Recorded data
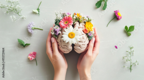 Fototapeta - Ręce trzymające papierową głowę z mózgiem ozdobionym kwiatami. Obraz ten symbolizuje znaczenie zdrowia psychicznego i pozytywnego myślenia.
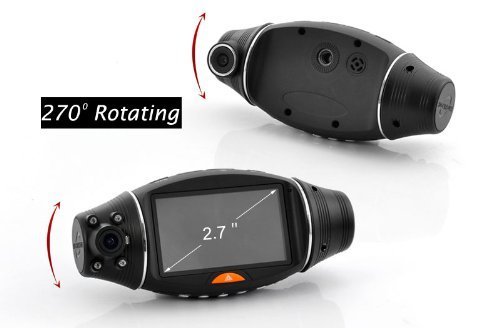 Questo ultra compatto per auto DVR è dotato di due telecamere che possono essere sia ruotato di 270 gradi, consentendo la registrazione di video ad alta definizione da due diverse angolazioni. La funzione di visione notturna anche in ambienti bui relativamente trasparente ti permette di fare registrazioni.
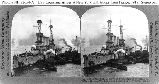 Photo #: NH 82654 USS Louisiana (Battleship # 19) Arrives at New York City with a load of troops from France, 1919. The tug Excelsior (closest to camera) is among those assisting her into her berth. Photo printed on a stereograph card, published by the Keystone View Company. See Photo # NH 82654 (extended caption) for the text printed on the original stereograph card's reverse side, concerning World War I trans-Atlantic logistics accomplishments. Courtesy of Commander Donald J. Robinson, USN(MSC), 1975 U.S. Naval Historical Center Photograph. Online Image: 95KB; 625 x 675 pixels A stereo pair version of this image is available as Photo # NH 82654-A Online Image of stereo pair: 62KB; 675 x 360 pixels |
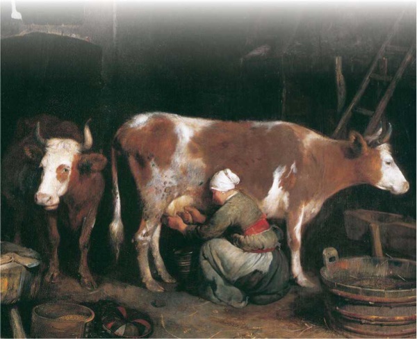 Она травушку рвёт, жвачку жуёт, пойло пьёт, мычит и ревёт, хозяйку зовёт: «Выходи, хозяюшка; выноси подойничек, чистый утиральничек! Я деточкам молочка принесла, густых сливочек».
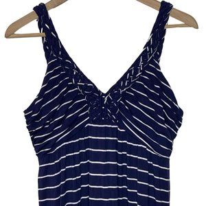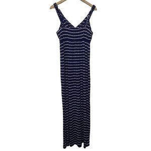 ๐ DESIGN HISTORY | Blue and White Striped Maxi Dress with Braided Neckline | L
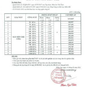Bảng Giá Máy Biến Áp THIBIDI SILIC 2023 (TC 62)
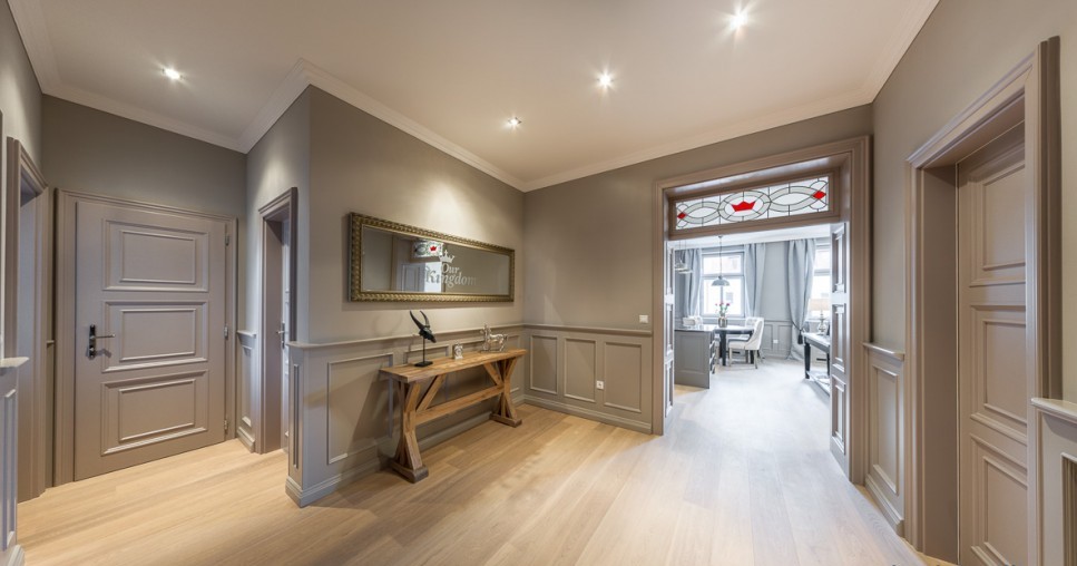 Оснащение квартиры включает в себя деревянный «плавающий» пол, керамическую настенную плитку, новые окна с тройным изоляционным остеклением и обналичкой окон с двойными рамами, новые деревянные кассетные двери включая дверные рамы, деревянные панели отопления и стен, полностью оборудованную кухню с гранитной столешницей, тропический душ и электрическое напольное отопление в ванной комнате, дизайнерское освещение, сигнализацию, индивидуальный газовый котел. Квартира частично меблирована новой мебелью, кухонный гарнитур, встроенные шкафы и обаличка были изготовлены по специальному заказу. В доме есть лифт.
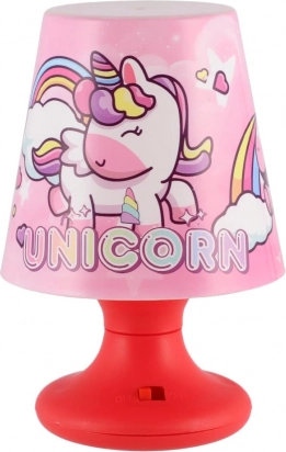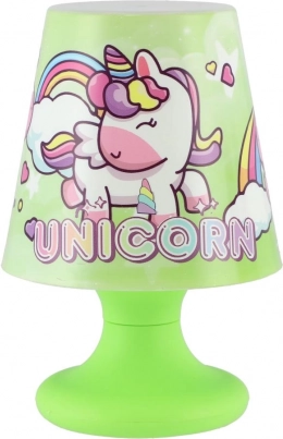 De kap met de tekst “UNICORN” en de stabiele voet zorgen voor veilig gebruik en aangenaam diffuus licht dat de slaap niet verstoort. De praktische tuimelschakelaar in de basis maakt het kinderen gemakkelijk om het lampje aan en uit te zetten.

--- EXERCISE PROMPT ---
Print again, exactly, the lines of the records above from the first line through the line with "Questo ultra compatto". No pictures.

--- RESPONSE TO THE TASK ---
 Fototapeta - Ręce trzymające papierową głowę z mózgiem ozdobionym kwiatami. Obraz ten symbolizuje znaczenie zdrowia psychicznego i pozytywnego myślenia.
 Questo ultra compatto per auto DVR è dotato di due telecamere che possono essere sia ruotato di 270 gradi, consentendo la registrazione di video ad alta definizione da due diverse angolazioni. La funzione di visione notturna anche in ambienti bui relativamente trasparente ti permette di fare registrazioni.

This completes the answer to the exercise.